Le grand William Sheller, expliquant comment lui est venue l’idée de Nicolas, l’une de ses plus belles chansons, parle d’un sentiment d’abandon, aussi puissant qu’irraisonné. On imagine bien le narrateur d’Oscar Lalo, qui tient son journal tant d’années après les faits, écoutant la chanson de Sheller, en proie à la peur, celle qui a empoisonné son enfance. Bien plus tard, lorsqu’il ira rendre visite à l’ancienne directrice du home d’enfants où il a été si malheureux, il aura encore la crainte de sa tortionnaire, pourtant mourante, laquelle lui confiera son secret : elle aussi, lorsqu’elle était jeune, a été abusée.
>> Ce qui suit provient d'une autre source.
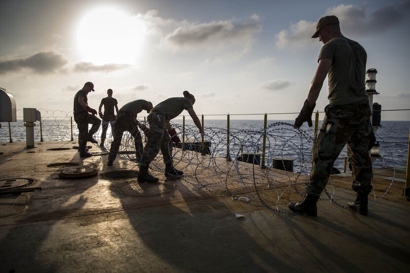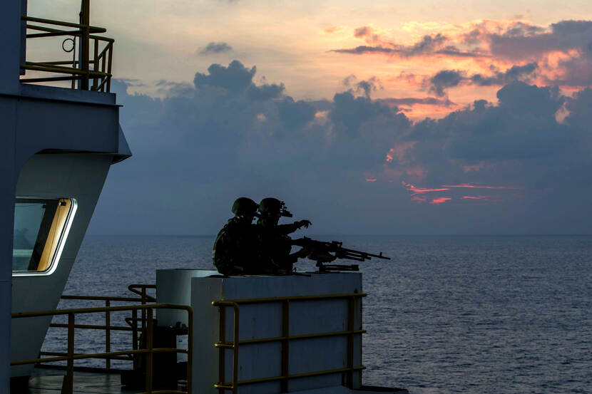 Hoewel het de laatste jaren beter gaat, is er nog steeds piraterijdreiging in met name de Golf van Aden en de wateren ten oosten van Somalië. Koopvaardijschepen worden daar nu nog exclusief beveiligd door Vessel Protection Detachments (VPD’s), bestaande uit mariniers en sinds enige tijd ook militairen van de vloot. Zij maken deel uit van het 100-man & vrouw sterke Fleet Marine Squadron. Vanaf 1 februari mogen nu ook maritieme beveiligingsbedrijven de beveiligingstaken uitvoeren. Tenminste, als zij aan een lange reeks strenge voorwaarden voldoen rond, bijvoorbeeld, bedrijfsvoering, veiligheid en screening en inzet van personeel.
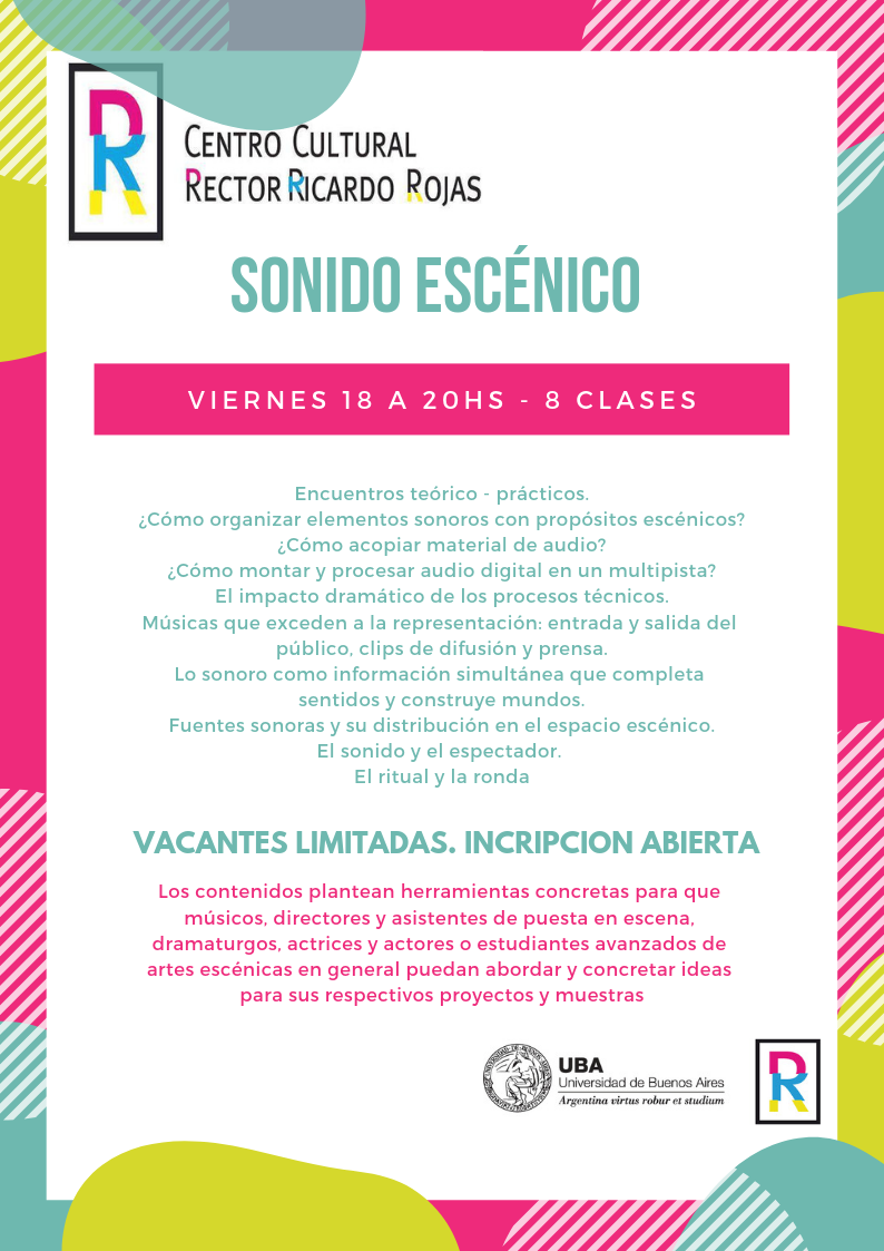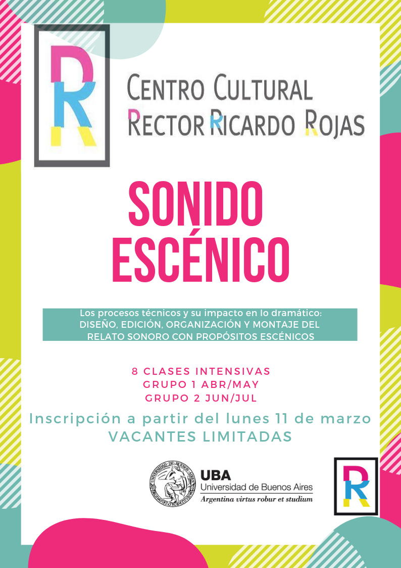 En 2019 Sonido Escénico es parte de la grilla de cursos del Area de Arte y Tecnología del Centro Cultural Rector Ricardo Rojas, UBA. Av Corrientes 2038 – Tel: 5285-4800.
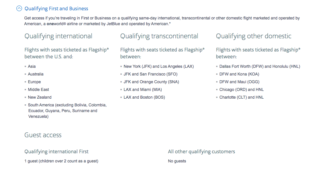 For most readers, the best way to get access to American Airline Flagship Lounges is by booking a qualifying transcontinental and/or international flight. Below is the general access routes that grants access.
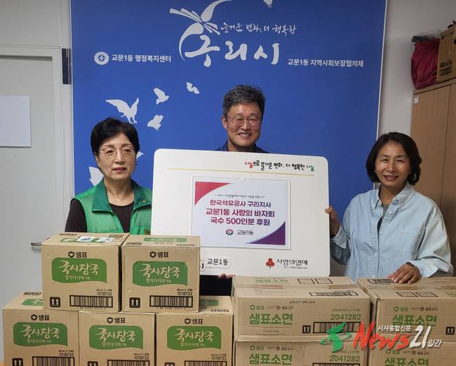 이번 바자회는 교문1동 새마을부녀회와 새마을지도자협의회가 주관해 지역 내 소외계층을 돕기 위해 마련된 행사로, 새마을부녀회원들은 정성껏 준비한 음식과 다양한 먹거리를 판매해 이웃돕기 기금을 조성했다. 또한 관계기관, 단체회원, 주민들이 함께 참여해 따뜻한 나눔의 장을 만들어 냈다.특히 한국석유공사 구리지사는 이번 바자회의 취지에 동참해 국수 500인분을 후원하며 지역사회에 관한 관심과 사랑을 실천했다. 이번 후원은 지역 상생과 나눔문화 확산을 위한 사회공헌활동의 일환으로, 지역사회 공기업의 모범적인 나눔 사례로 평가받고 있다.박희제 지사장은 “작은 정성이지만 어려운 이웃들에게 도움이 되길 바라며, 앞으로도 지역과 함께하는 기업으로서 사회적 책임을 다하겠다”라고 전했다.백경현 구리시장은 “매년 지역사회를 위해 꾸준히 나눔을 실천해 주시는 한국석유공사 구리지사에 감사드린다”라며,“이번 기탁이 주민들이 함께하는 행사에 따뜻한 온기를 더하는 뜻깊은 나눔이 되었다”라고 전했다.
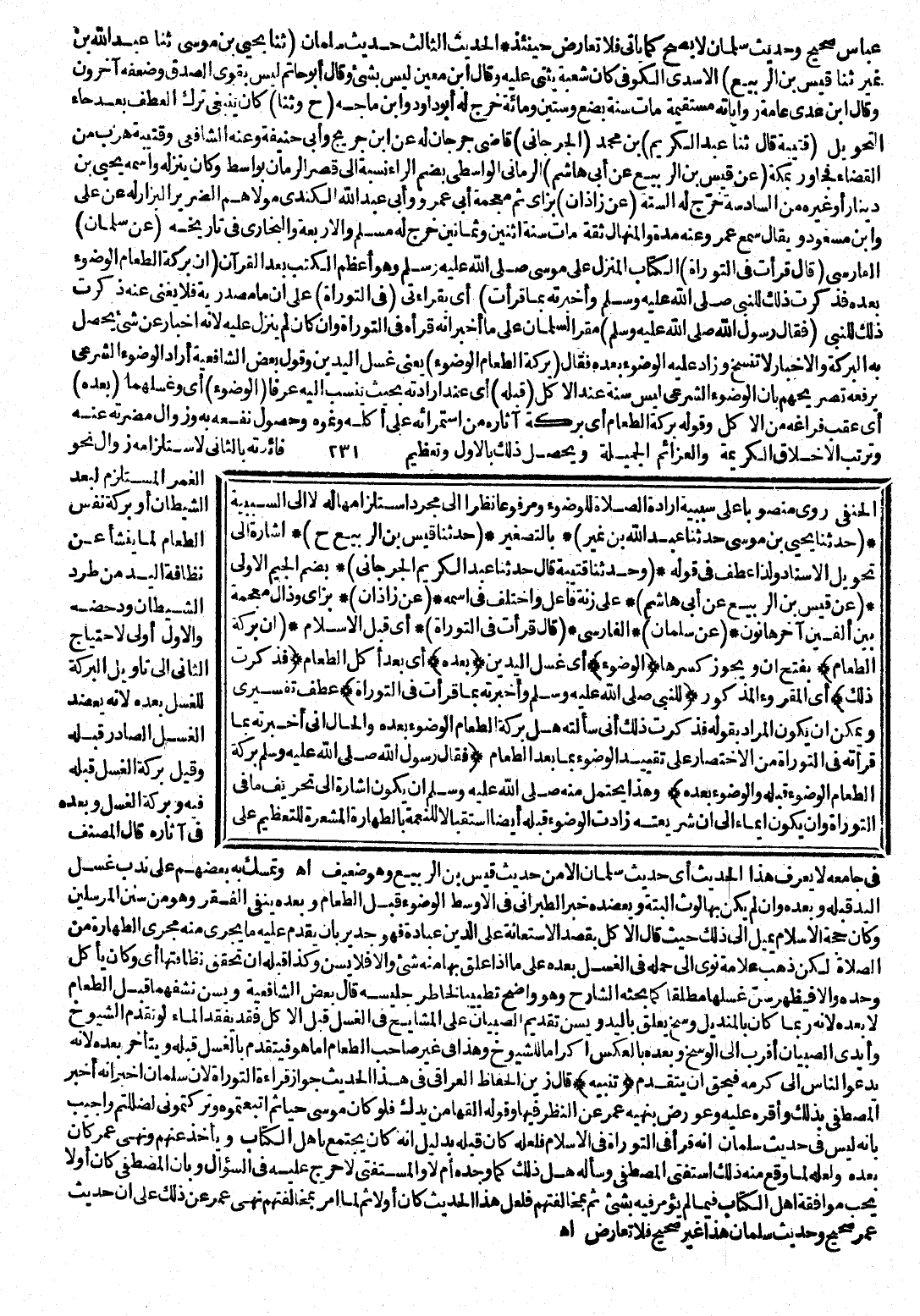 (حَدَّثَنَا يَحْيَى بْنُ مُوسَى، حَدَّثَنَا عَبْدُ اللَّهِ بْنُ نُمَيْرٍ) بِالتَّصْغِيرِ (حَدَّثَنَا قَيْسُ بْنُ الرَّبِيعِ ح) إِشَارَةٌ إِلَى تَحْوِيلِ الْإِسْنَادِ ; وَلِذَا عَطَفَ فِي قَوْلِهِ: (وَحَدَّثَنَا قُتَيْبَةُ، قَالَ: حَدَّثَنَا عَبْدُ الْكَرِيمِ الْجُرْجَانِيُّ) بِضَمِّ الْجِيمِ الْأُولَى (عَنْ قَيْسِ بْنِ الرَّبِيعِ، عَنْ أَبِي هَاشِمٍ) عَلَى زِنَةِ فَاعِلٍ، وَاخْتُلِفَ فِي اسْمِهِ (عَنْ زَاذَانَ) بِزَايٍ وَذَالٍ مُعْجَمَةٍ بَيْنَ أَلِفَيْنِ آخِرُهَا نُونٌ (عَنْ سَلْمَانَ) الْفَارِسِيِّ (قَالَ: قَرَأْتُ فِي التَّوْرَاةِ) أَيْ قَبْلَ الْإِسْلَامِ (أَنَّ بَرَكَةَ الطَّعَامِ) بِفَتْحِ أَنَّ وَيَجُوزُ كَسْرُهَا (الْوُضُوءُ) أَيْ غَسْلُ الْيَدَيْنِ (بَعْدَهُ) أَيْ بَعْدَ أَكْلِ الطَّعَامِ (فَذَكَرْتُ ذَلِكَ) أَيِ الْمَقْرُوءَ الْمَذْكُورَ (لِلنَّبِيِّ صَلَّى اللَّهُ عَلَيْهِ وَسَلَّمَ، وَأَخْبَرْتُهُ بِمَا قَرَأْتُ فِي التَّوْرَاةِ) عَطْفٌ تَفْسِيرِيٌّ، وَيُمْكِنُ أَنْ يَكُونَ الْمُرَادُ بِقَوْلِهِ: فَذَكَرْتُ ذَلِكَ أَنِّي سَأَلْتُهُ، هَلْ بَرَكَةُ الطَّعَامِ الْوُضُوءُ بَعْدَهُ، وَالْحَالُ أَنِّي أَخْبَرْتُهُ بِمَا قَرَأْتُهُ فِي التَّوْرَاةِ مِنَ الِاخْتِصَارِ عَلَى تَقْيِيدِ الْوُضُوءِ بِمَا بَعْدَ الطَّعَامِ، (فَقَالَ رَسُولُ اللَّهِ صَلَّى اللَّهُ عَلَيْهِ وَسَلَّمَ: بَرَكَةُ الطَّعَامِ الْوُضُوءُ قَبْلَهُ، وَالْوُضُوءُ بَعْدَهُ) وَهَذَا يُحْتَمَلُ مِنْهُ صَلَّى اللَّهُ عَلَيْهِ وَسَلَّمَ أَنْ يَكُونَ إِشَارَةً إِلَى تَحْرِيفِ مَا فِي التَّوْرَاةِ، وَأَنْ يَكُونَ إِيمَاءً إِلَى أَنَّ شَرِيعَتَهُ زَادَتِ الْوُضُوءَ قَبْلَهُ أَيْضًا اسْتِقْبَالًا لِلنِّعْمَةِ بِالطِّهَارَةِ الْمُشْعِرَةِ لِلتَّعْظِيمِ عَلَى
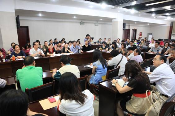 6月4日下午,2014年“教学质量提升月”活动之“解剖组胚系教学研讨全校公开示范活动”在温江校区五会议室举行。学校党委书记马跃荣,副校长刘旭光,学校教学督导组组长祝彼得教授、督导组专家刘绍唐教授,党委宣传部部长赖玉萍,教务处处长王飞、副处长王明谊,各学院主管教学的院领导、教学科科长、部分教研室主任和青年教师,基础医学院全体院领导和教学督导专家、解剖组胚系全体教师出席教学研讨活动。教研活动由王飞和解剖组胚系主任许勇教授共同主持。

Dans les jeux pervers, le dominé rêve souvent de devenir le dominant. Comme le gosse, planqué dans une armoire à double fond, en compagnie de quelques-uns de ses camarades, tous condamnés au silence car la pièce était mitoyenne de la chambre d’un moniteur. L’ennemi, le maton, l’auxiliaire de la sadique et de son mari, "l’homme à la guitare", qui serre d’un peu près les garçons. Dans la "famille" directoriale, il y a aussi l’infirmière et sa "sodomie quotidienne" à coups de thermomètre, Dolly, le chien mordeur, et deux enfants, jouissant d’un statut à part. Il liera connaissance avec le garçon, qui lui donnera des cours de piano, et avec la fille, qui l’attirera dans un jeu malsain d’exhibition-voyeurisme. De même lorsqu’il s’amourachera d’une monitrice, un sentiment à sens unique vite réprimé par l’intéressée.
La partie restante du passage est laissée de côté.